The base operating amount does not include, however, disproportionate share hospital, indirect medical education, or low volume LV hospital adjustments or any applicable inpatient operating outlier payment. In addition, CMS clarified in the FY 2014 IPPS Final Rule that, for purposes of the HRRP adjustment, the base operating amount does not include any otherwise applicable HVBPP adjustment, and vice versa.

Basis of HRRP reductions for FYs 2013, 2014 and 2015

For discharges during FY 2013 and 2014, the HRRP requires a reduction to most hospitals’ base operating DRG payments to account for excess readmissions of selected applicable conditions—acute myocardial infarction, heart failure, and pneumonia. CMS has proposed the addition of two applicable conditions for FY 2015: chronic obstructive pulmonary disease and total hip arthroplasty and total knee arthroplasty. CMS does not propose to make any additions in FY 2016, but does plan to add coronary artery bypass graft surgery as a sixth condition for FY 2017. CMS has listed the ICD-9-CM Diagnosis Codes that identify the proposed conditions for FY 2015 in the Proposed Rule. (See 79 Fed. Reg. 28115-28116.)

For purposes of the HRRP, a “readmission” is a readmission occurring when a patient is discharged from an applicable hospital (initial index hospitalization) and then admitted to the same or another acute care hospital within 30 days from the date of discharge from the initial hospitalization. Only one readmission during the 30 days following the discharge from the initial hospitalization will count as a readmission for purposes of calculating the excess readmission ratio.

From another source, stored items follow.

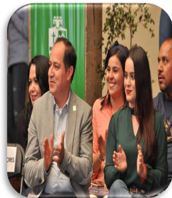
EN PATIO CENTRAL DE PRESIDENCIA MUNICIPAL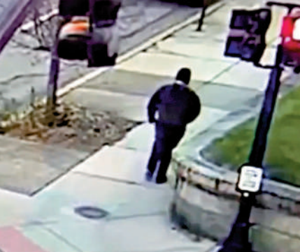
▲警方公布的嫌犯畫面。

人仍未被拘留，被批擾亂辦案流程。美國「槍支暴力檔案」網站最新統計顯示，截至14日，美國今年已發生至少389起大規模槍擊（除槍手外4人以上受傷或死亡）事件。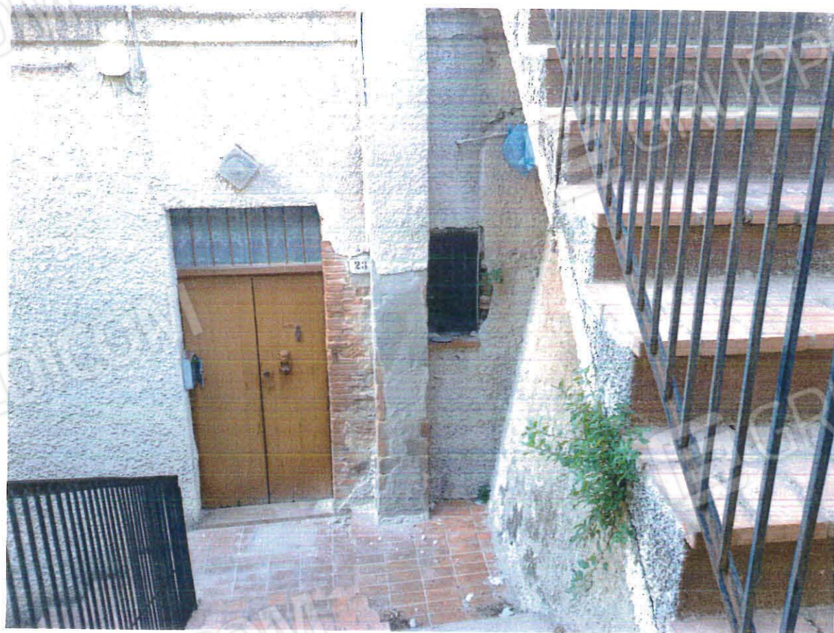
Ingresso principale e scala di accesso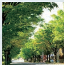
[富山市の木] ケヤキ

富山市では平成21年5月に市の木、花木、草花を制定し、緑化のシンボルとしています。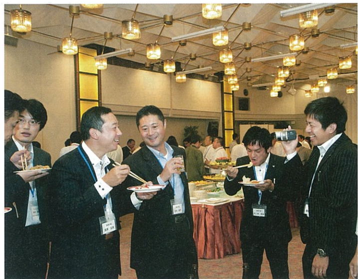
懇親会ではグループ討議の疲れも忘れ談笑の輪ができた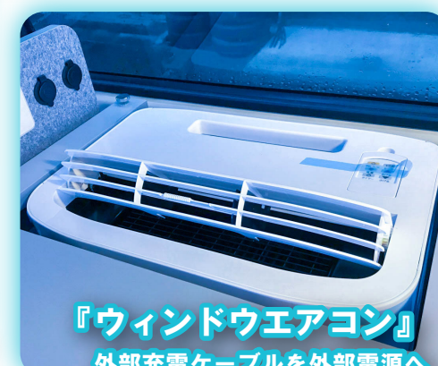
『ウィンドウエアコン』

スイッチ1つで全ての電源を管理。テーブル上に2口コンセントと12Vシガーソケット、USBソケット。テーブル下にも2口コンセントを装備。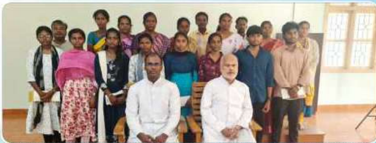
SC/ST-Commission Vicariate Level Special prizes to those who secured the first three places in the 2025 XII Std marks.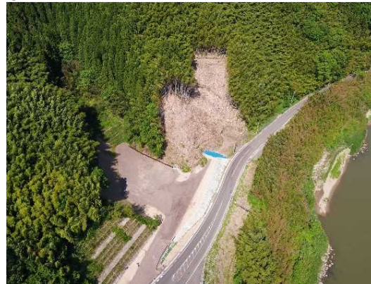
③ トンネル掘削に向け準備中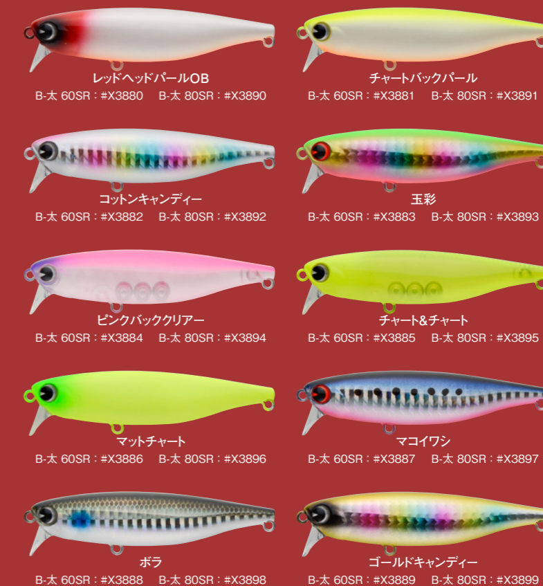
レッドヘッドパールOB B-太 60SR: #X3880 B-太 80SR: #X3890 チャートバックパール B-太 60SR: #X3881 B-太 80SR: #X3891 コットンキャンディー B-太 60SR: #X3882 B-太 80SR: #X3892 玉彩 B-太 60SR: #X3883 B-太 80SR: #X3893 ピンクバッククリアー B-太 60SR: #X3884 B-太 80SR: #X3894 チャート&チャート B-太 60SR: #X3885 B-太 80SR: #X3895 マットチャート B-太 60SR: #X3886 B-太 80SR: #X3896 マコイワシ B-太 60SR: #X3887 B-太 80SR: #X3897 ボラ B-太 60SR: #X3888 B-太 80SR: #X3898 ゴールドキャンディー B-太 60SR: #X3889 B-太 80SR: #X3899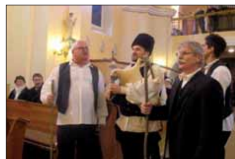
„Veselje ti navješćujem...“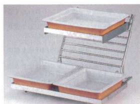
①オーガナイザースタンド 2121+②陶器ガストロノームパンホルダー 2122+③陶器ガストロノームパンホルダー 2123 ※陶器ガストロノームパン2/3・1/2は別売りです。

In addition, certain readmissions, including planned readmissions, are not counted for these purposes. In the FY 2014 Final Rule, CMS also clarified that an unplanned readmission after a planned readmission within 30 days of an initial index discharge will not be counted as a readmission, nor will certain patients (e.g., those who leave against medical advice (AMA) and those under 65) be factored into the calculation.

Finally, although most short-term, acute care hospitals, particularly those paid under the IPPS, are subject to the HRRP, there are some exceptions. Puerto Rico hospitals are generally exempt, and Maryland waiver hospitals are exempt for services provided during FYs 2013, 2014 and during the duration of CMS’ new Maryland All-Payer Model, a 5-year hospital payment model, pursuant to an agreement entered into effective January 1, 2014.

Determining a hospital’s HRRP adjustment factor and impact on reimbursement to hospitals subject to an HRRP reduction

For FY 2014, an applicable hospital’s HRRP adjustment factor is the higher of a hospital-specific ratio or a floor adjustment factor of .98, resulting in a maximum reduction in base operating DRG payments of 2%. For FY 2015, CMS proposes that an applicable hospital’s HRRP adjustment factor will increase to the higher of a hospital-specific ratio or a floor adjustment factor of .97, resulting in a maximum reduction in base operating DRG payments of 3%.

For FY 2015, CMS is proposing that the ‘‘applicable period’’ for the HRRP be the 3-year period from July 1, 2010 to June 30, 2013. In other words, CMS is proposing that the excess readmissions ratios and the payment adjustment (including aggregate payments for excess readmissions and aggregate payments for all discharges) for FY 2015 would be calculated based on data from the 3-year time period of July 1, 2010 to June 30, 2013.

As noted above, hospitals are encouraged to review these changes in the proposed FY 2015 IPPS rule to determine the potential impact on their operations if CMS were to finalize them.